On Thu, Nov 30, 2023 at 08:45:23PM -0400, Jason Gunthorpe wrote:
On Thu, Nov 30, 2023 at 12:41:20PM -0800, Nicolin Chen wrote:
So userspace would have to read the event FD before returning to be correct?
Maybe the kernel can somehow return a flag to indicate the event fd has data in it?
If yes then all errors would flow through the event fd?
I think it'd be nicer to return an immediate error to stop guest CMDQ to raise a fault there accordingly, similar to returning a -EIO for a bad STE in your SMMU part-3 series.
If the "return a flag" is an errno of the ioctl, it could work by reading from a separate memory that belongs to the event fd. Yet, in this case, an eventfd signal (assuming there is one to trigger VMM's fault handler) becomes unnecessary, since the invalidation ioctl is already handling it?
My concern is how does all this fit together and do we push the right things to the right places in the right order when an error occurs.
I did not study the spec carefully to see what exactly is supposed to happen here, and I don't see things in Linux that make me think it particularly cares..
ie Linux doesn't seem like it will know that an async event was even triggered while processing the sync to generate an EIO. It looks like it just gets ETIMEDOUT? Presumably we should be checking the event queue to detect a pushed error?
It is worth understanding if the spec has language that requires certain order so we can try to follow it.

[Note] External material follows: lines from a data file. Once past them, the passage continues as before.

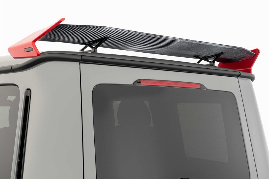 BRABUS 900 ROCKET EDITION全車上下充滿著強悍暴力的氣息,車頭下緣配備有著側翼片的碳纖維製前下擾流。車尾除了與之呼應的車頂擾流尾翼外,下方也有改裝的分流器。前後輪導入碳纖維製外擴輪拱強化視覺。
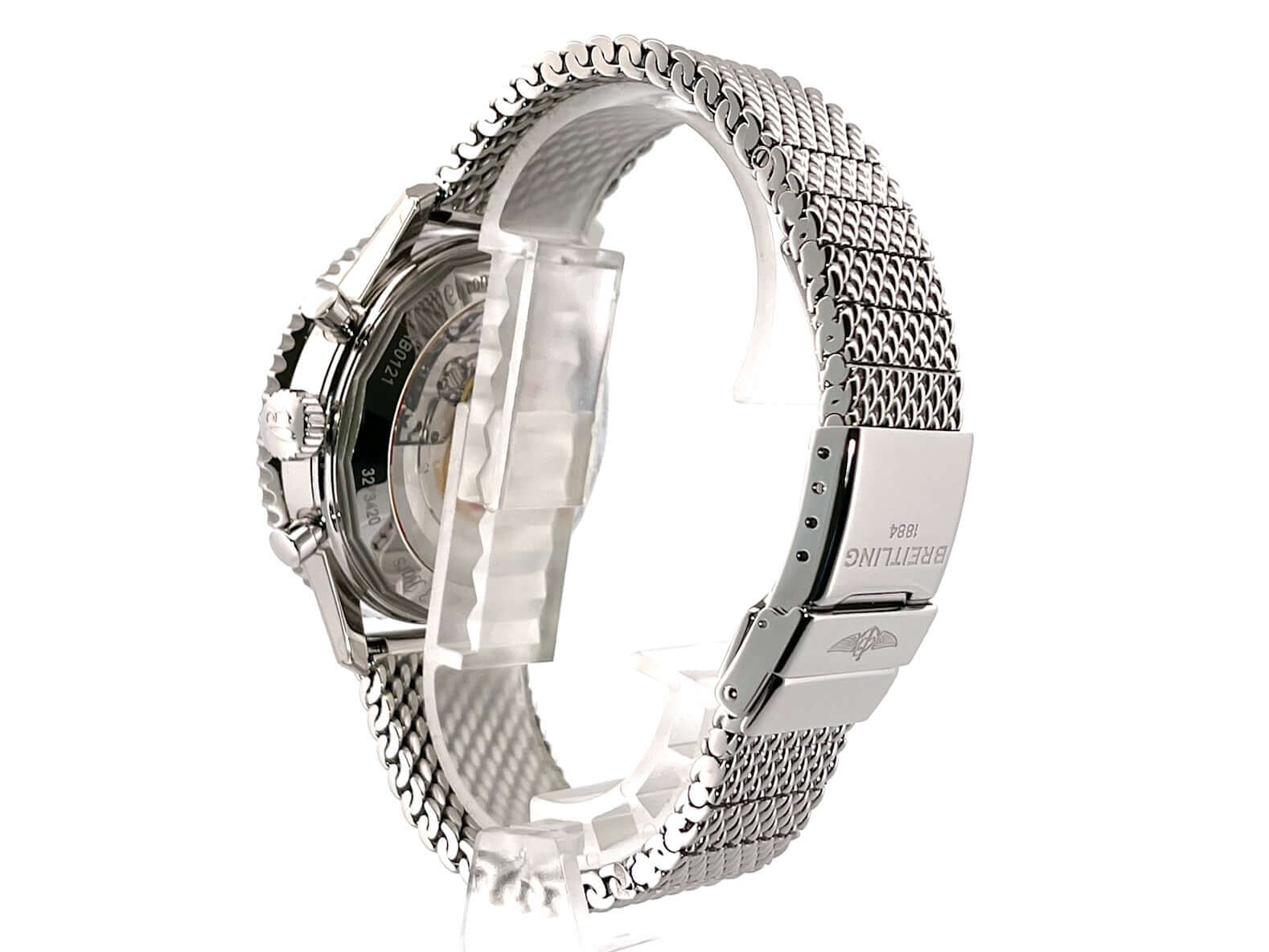 Gehäuse aus Edelstahl poliert und satiniert, Gehäusedurchmesser 43 mm, Gehäusehöhe 14,25 mm, Edelstahl Lünette gerädelt, Rechenschieber drehbar, Ocean Classic Edelstahlband mit Faltschließe, silberfarbenes Zifferblatt mit aufgesetzten Indizes, graue Totalisatoren, rote Leuchtzeiger, Automatikwerk, Manufakturkaliber Breitling 01 mit 47 Steine, 28.800 A/h, Gangreserve ca. 70 Stunden, Chronograph, Datumsanzeige, Chronometer, bombiertes Saphirglas doppelseitig entspiegelt, Edelstahlboden mit Saphirglas und aufgedrucktem TWA-Logo, Wasserdicht bis zu 3 bar.
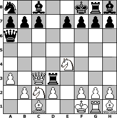 Partie-Notation im PGN-Format [Event "Andys MySchach-960-Abschiedsturnier 2017"] [Site "www.mySchach.de"] [Date "2017.02.18"] [Round "1"] [White "Knight"] [Black "Grubengeist"] [Variant "Fischerrandom"] [SetUp "1"] [FEN "nnbrqkrb/pppppppp/8/8/8/8/PPPPPPPP/NNBRQKRB w KQkq - 0 1"] [WhitemyELO "1189"] [BlackmyELO "2036"] [Result "0-1"] [TimeControl "10/2592000"] [WhiteDays "30"] [BlackDays "20"] [MySchachNr "107009"] 1. d4 d5 2. e4 Qb5+ 3. Rd3 dxe4 4. Nc3 Qa6 5. Nxe4 Nc6 6. a3 Nxd4 7. Qc3 Nxc2 8. Nxc2 Rxd3 0-1 Stellungs-Notation im FEN-Format n1b2krb/ppp1pppp/q7/8/4N3/P1Qr4/1PNP1PPP/2B2KRB - Kk - 0 9 Geschlagene Figuren Weiss: Geschlagene Figuren Schwarz: Klicken Sie auf eine geschlagene Figur um den gewünschten Zug darzustellen!
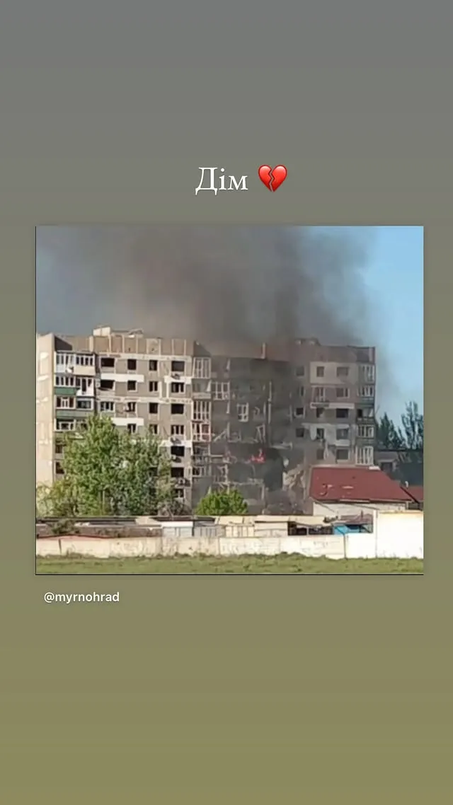 Певица показала фото, где видны последствия обстрелов Мирнограда. Ракета попала в многоэтажку в микрорайоне Светлый, где проживала Кристина.

Oh, I replied one misinformation previously. Actually eventq doesn't report a CERROR. The global error interrupt does.
7.1 has that sequence: 1) CMDQ stops 2) Log current index to the CONS register 3) Log error code to the CONS register 4) Set bit-0 "CMDQ error" of GERROR register to rise an irq.
FWIW, both gerror and cmdq are global. So we can't know if the error is for which master or domain. So, the only way is to get errno from the arm_smmu_cmdq_issue_cmd_with_sync call in our user invalidate function, where we can then get the error code. But this feels very much synchronous, since both the error code and faulty CONS index could be simply returned without an async eventfd.
Thanks Nic